Segment Open
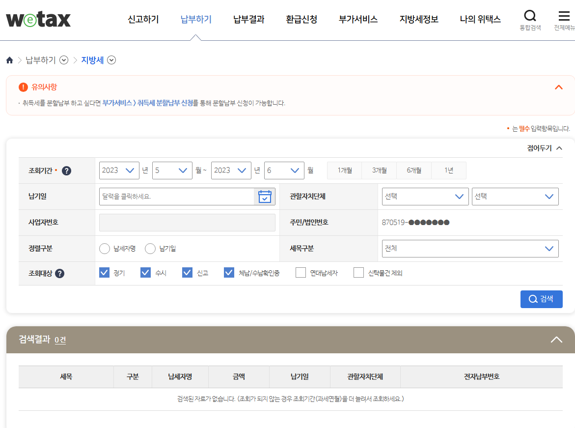 로그인을 마치고, 조회 기간 등을 설정하여 아직 납부하지 않은 지방세가 있는지 확인해보세요. 자동차세 납부가 필요하다면, 납부해야 하는 항목 옆의 체크박스를 선택한 후 우측 하단에 위치한 '납부' 버튼을 누르면 됩니다.
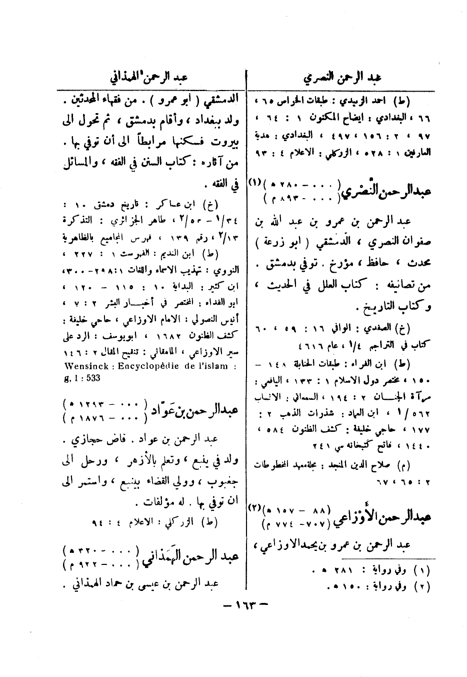 (خ) الصفدي: الوافي 16: 59، 60 كتاب في التراجم 4 / 1، عام 4616 (ط) ابن الفراء: طبقات الحنابلة 148 - 150، مختصر دول الاسلام 1: 133، اليافعي: مرآة الجنان 2: 194، السمعاني: الانساب 562 / 1، ابن العماد: شذرات الذهب 2: 177، حاجي خليفة: كشف الظنون 584، 1440، فاتح كتبخانه سي 241 (م) صلاح الدين المنجد: مجلة معهد المخطوطات 2: 65، 67 عبد الرحمن الاوزاعي (88 - 157 هـ) (2) (707 - 774 م) عبد الرحمن بن عمرو بن يحمد الاوزاعي، الدمشقي (أبو عمرو) .
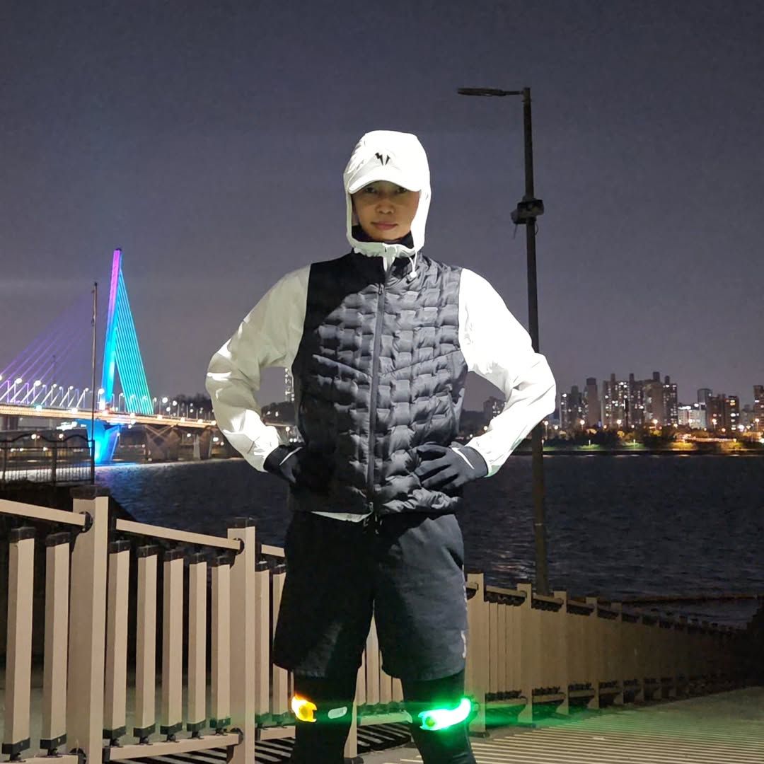 임영웅 역시 러닝 마니아로 잘 알려져 있다. 그가 대회에 나오는 순간 지금보다 더 대회 참석이 어려워질 것이란 농담이 나올 정도. 담백한 스타일을 자주 보여주는 만큼 그의 러닝 패션 역시 정석에 가깝다. 겨울 레깅스 위에 쇼츠, 얇은 재킷 위에 경량 패딩 베스트, 장갑과 형광 무릎 밴드를 찬 것까지 안전하고 따뜻한 겨울 러닝 룩의 정석이니 첫 겨울 러닝 시 참고하면 좋겠다.
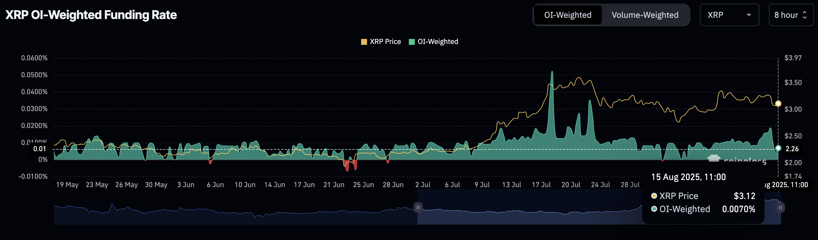 Tasa de financiación de futuros ponderada de XRP | Fuente: CoinGlass
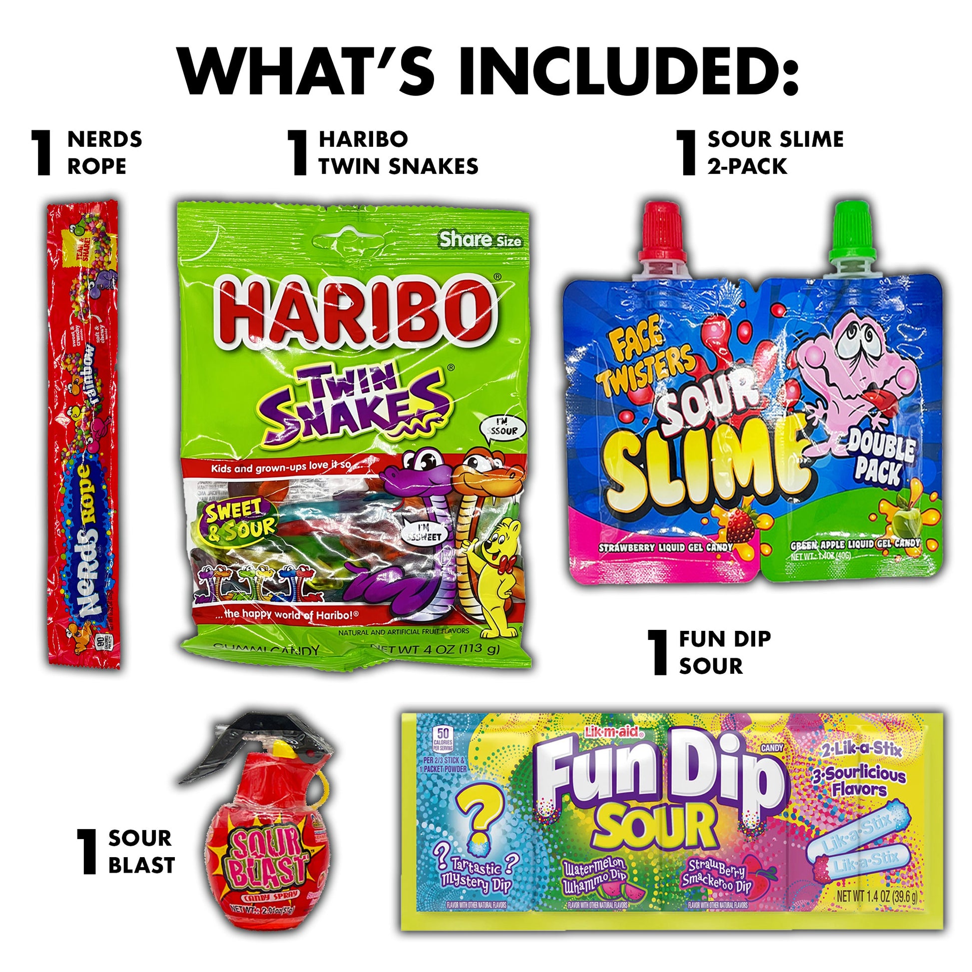 • Assortment of sour candy in a variety of fun and unique flavors
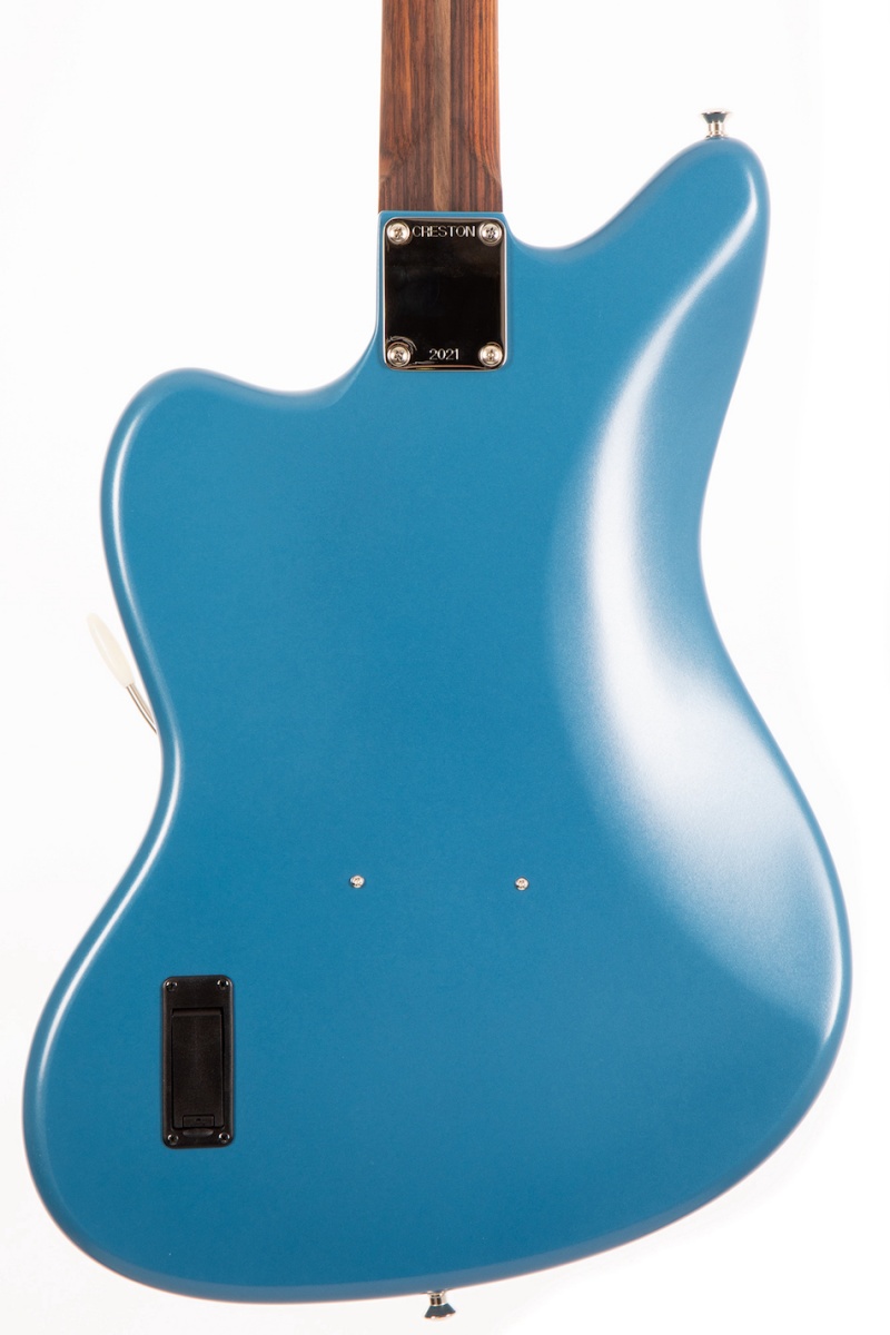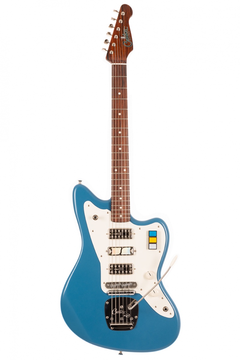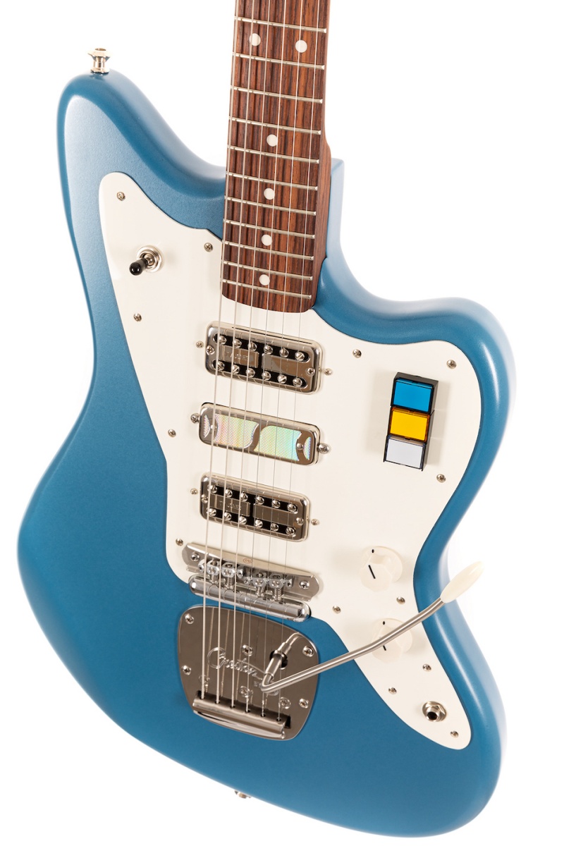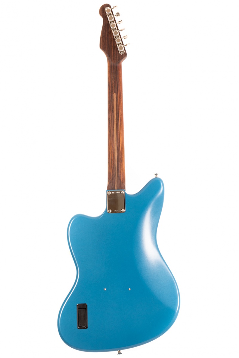 Andrew Hensley's guitar: 24-3/4" scale, torrefied sugar pine body, 1-pc Indian rosewood neck, TV Jones Power'Tron (b) and TV Classic (n), Curtis Novak Dearmond Gold Foil (m), and behind-the-bridge lipstick pickups, Mastery hardware, flat metallic blue nitrocellulose lacquer, 1-ply pickguard, three illuminated pushbutton switches - n+b on/off, m on/off, lipstick on/off. There's a short video demo about the lipstick pickup
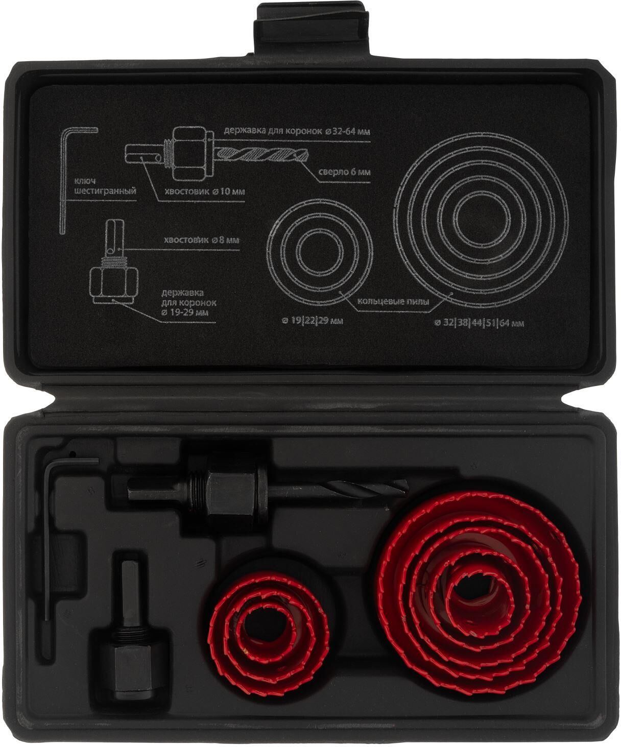 Набор кольцевых пил по дереву Matrix 70473 состоит из 11 предметов и предназначен для вырезания круглых отверстий диаметром 19-64 мм и глубиной до 27 мм. Входящие в комплект коронки подходят для работы по дереву, фанере, пластику, ламинату, гипсокартону, ДСП. Позволяют подготовить поверхность к установке розеток, светильников, выключателей, а также прокладке труб. Коронки устанавливают на электродрель. Набор пригодится во время ремонта и будет полезен в быту. Преимущества Прочность и износостойкость — кольцевые пилы изготовлены из углеродистой стали, режущие кромки твердостью 40 HRC долго сохраняют остроту. Высокая производительность — разведенные зубья обеспечивают эффективное удаление стружки. Точное центрирование пил — в набор входит направляющее сверло, для его фиксации предусмотрен шестигранный ключ размером 2,5 мм. Удобное хранение и транспортировка — набор упакован в пластиковый кейс с ложементом.
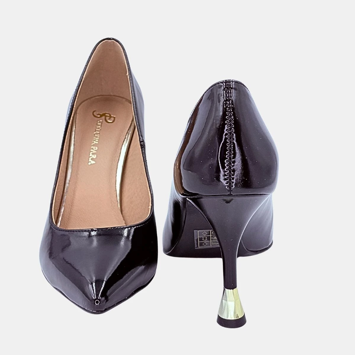 Czarne lakierowane czółenka ze złotym akcentem – Stylowa Para
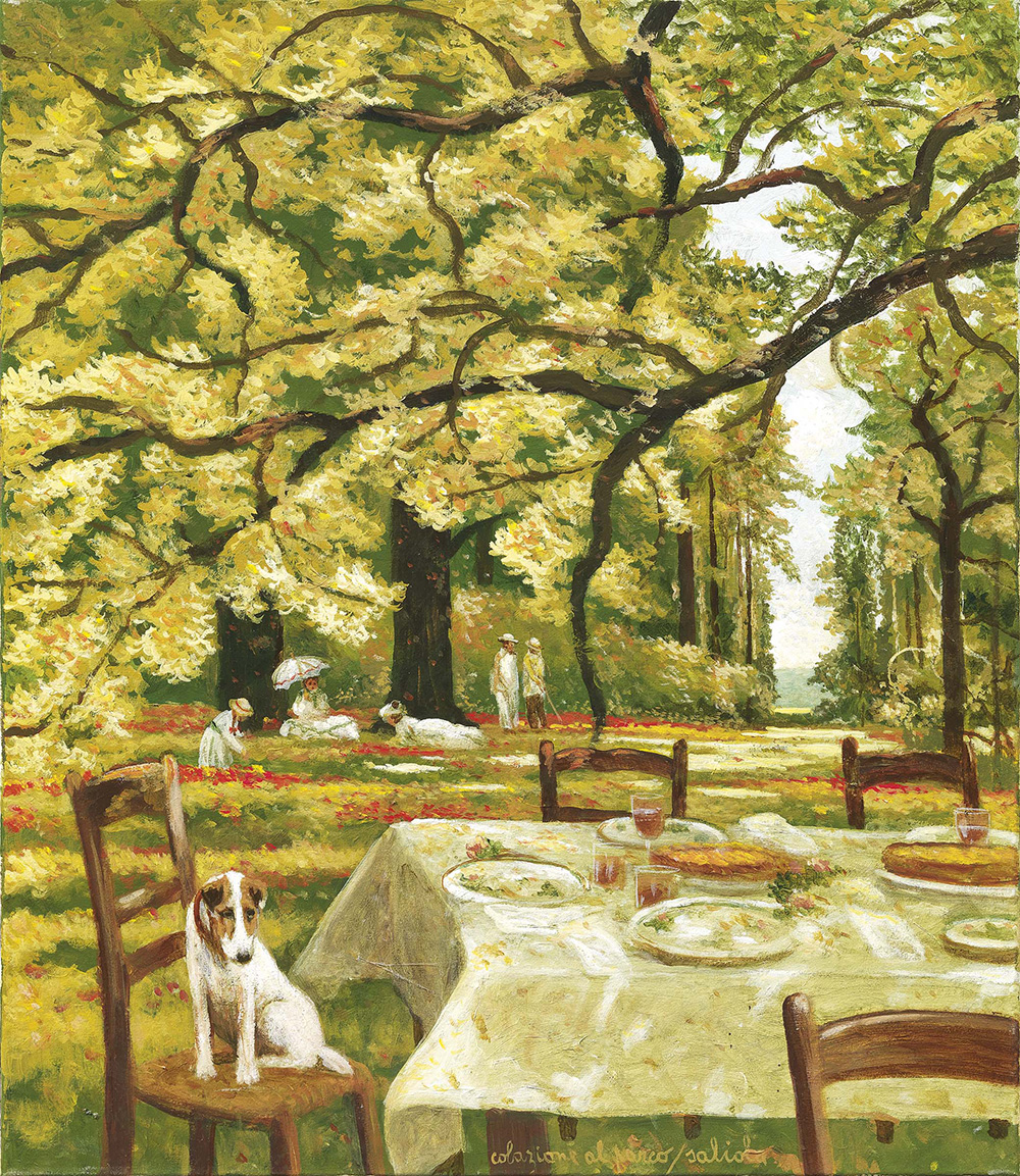 Antonio Saliola Bologna 1939 Colazione al parco, 1998 Olio su tela, cm. 70x60 Titolo e firma in basso verso destra: Colazione al parco / Saliola; al verso sulla tela firma, data e titolo: Antonio / Saliola / 1998 / Colazione al parco
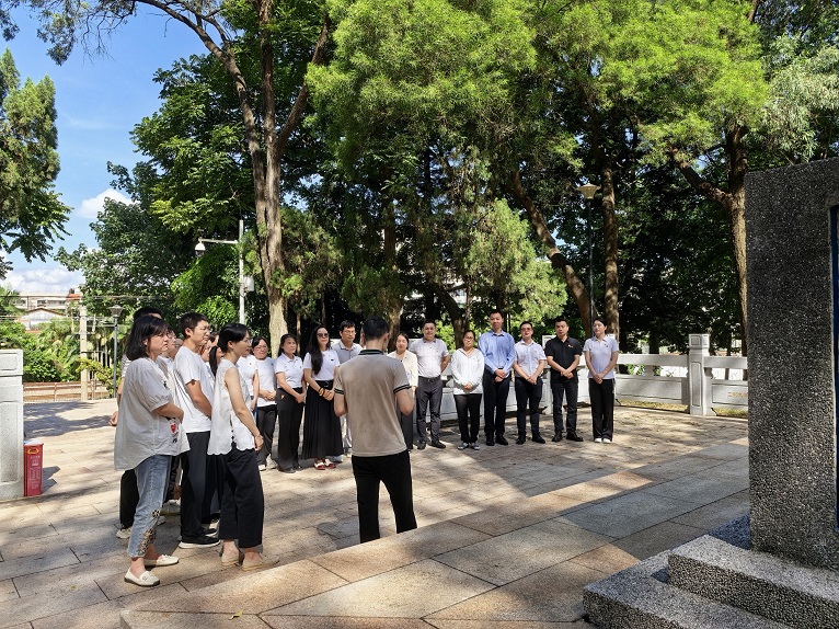 绿树苍翠,山厦革命烈士纪念碑庄严肃穆。全体党员整齐列队,肃立默哀,深切缅怀革命先烈。通过聆听讲解,同志们了解到,从大革命时期、国内革命战争时期到抗日战争、解放战争时期,山厦人民在党的领导下,为人民解放事业做出了突出贡献。纪念碑上刻着为革命英勇献身的6位山厦籍英烈以及曾在山厦一带革命活动过的11位烈士芳名,他们用鲜血和生命筑起了一座不朽的丰碑。革命先烈的英雄壮举和牺牲精神,让在场党员无不动容,受到深刻的精神洗礼和党性教育。
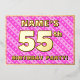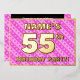 The front of this joyful fifty-fifth birthday celebration foil invitation card design features a customisable name, a large number “55th”, the message “BIRTHDAY PARTY!”, and a border. The background of the front has an upbeat dark pink and light pink striped pattern containing heart shapes. The back features personalised details about the event, such as the date, time, venue/location, and any other important information. Customised invitations like these might be a fun way to invite attendees to a birthday gathering/party being held to honour somebody’s 55th birthday. [~Z0000603]
Segment Closed
• _REQUIRED ACTION_:
Pictures are to be omitted; otherwise, write out the data exactly as it appears.

• _RESPONSE_:
 로그인을 마치고, 조회 기간 등을 설정하여 아직 납부하지 않은 지방세가 있는지 확인해보세요. 자동차세 납부가 필요하다면, 납부해야 하는 항목 옆의 체크박스를 선택한 후 우측 하단에 위치한 '납부' 버튼을 누르면 됩니다.
 (خ) الصفدي: الوافي 16: 59، 60 كتاب في التراجم 4 / 1، عام 4616 (ط) ابن الفراء: طبقات الحنابلة 148 - 150، مختصر دول الاسلام 1: 133، اليافعي: مرآة الجنان 2: 194، السمعاني: الانساب 562 / 1، ابن العماد: شذرات الذهب 2: 177، حاجي خليفة: كشف الظنون 584، 1440، فاتح كتبخانه سي 241 (م) صلاح الدين المنجد: مجلة معهد المخطوطات 2: 65، 67 عبد الرحمن الاوزاعي (88 - 157 هـ) (2) (707 - 774 م) عبد الرحمن بن عمرو بن يحمد الاوزاعي، الدمشقي (أبو عمرو) .
 임영웅 역시 러닝 마니아로 잘 알려져 있다. 그가 대회에 나오는 순간 지금보다 더 대회 참석이 어려워질 것이란 농담이 나올 정도. 담백한 스타일을 자주 보여주는 만큼 그의 러닝 패션 역시 정석에 가깝다. 겨울 레깅스 위에 쇼츠, 얇은 재킷 위에 경량 패딩 베스트, 장갑과 형광 무릎 밴드를 찬 것까지 안전하고 따뜻한 겨울 러닝 룩의 정석이니 첫 겨울 러닝 시 참고하면 좋겠다.
 Tasa de financiación de futuros ponderada de XRP | Fuente: CoinGlass
 • Assortment of sour candy in a variety of fun and unique flavors
 Andrew Hensley's guitar: 24-3/4" scale, torrefied sugar pine body, 1-pc Indian rosewood neck, TV Jones Power'Tron (b) and TV Classic (n), Curtis Novak Dearmond Gold Foil (m), and behind-the-bridge lipstick pickups, Mastery hardware, flat metallic blue nitrocellulose lacquer, 1-ply pickguard, three illuminated pushbutton switches - n+b on/off, m on/off, lipstick on/off. There's a short video demo about the lipstick pickup
 Набор кольцевых пил по дереву Matrix 70473 состоит из 11 предметов и предназначен для вырезания круглых отверстий диаметром 19-64 мм и глубиной до 27 мм. Входящие в комплект коронки подходят для работы по дереву, фанере, пластику, ламинату, гипсокартону, ДСП. Позволяют подготовить поверхность к установке розеток, светильников, выключателей, а также прокладке труб. Коронки устанавливают на электродрель. Набор пригодится во время ремонта и будет полезен в быту. Преимущества Прочность и износостойкость — кольцевые пилы изготовлены из углеродистой стали, режущие кромки твердостью 40 HRC долго сохраняют остроту. Высокая производительность — разведенные зубья обеспечивают эффективное удаление стружки. Точное центрирование пил — в набор входит направляющее сверло, для его фиксации предусмотрен шестигранный ключ размером 2,5 мм. Удобное хранение и транспортировка — набор упакован в пластиковый кейс с ложементом.
 Czarne lakierowane czółenka ze złotym akcentem – Stylowa Para
 Antonio Saliola Bologna 1939 Colazione al parco, 1998 Olio su tela, cm. 70x60 Titolo e firma in basso verso destra: Colazione al parco / Saliola; al verso sulla tela firma, data e titolo: Antonio / Saliola / 1998 / Colazione al parco
 绿树苍翠,山厦革命烈士纪念碑庄严肃穆。全体党员整齐列队,肃立默哀,深切缅怀革命先烈。通过聆听讲解,同志们了解到,从大革命时期、国内革命战争时期到抗日战争、解放战争时期,山厦人民在党的领导下,为人民解放事业做出了突出贡献。纪念碑上刻着为革命英勇献身的6位山厦籍英烈以及曾在山厦一带革命活动过的11位烈士芳名,他们用鲜血和生命筑起了一座不朽的丰碑。革命先烈的英雄壮举和牺牲精神,让在场党员无不动容,受到深刻的精神洗礼和党性教育。
 The front of this joyful fifty-fifth birthday celebration foil invitation card design features a customisable name, a large number “55th”, the message “BIRTHDAY PARTY!”, and a border. The background of the front has an upbeat dark pink and light pink striped pattern containing heart shapes. The back features personalised details about the event, such as the date, time, venue/location, and any other important information. Customised invitations like these might be a fun way to invite attendees to a birthday gathering/party being held to honour somebody’s 55th birthday. [~Z0000603]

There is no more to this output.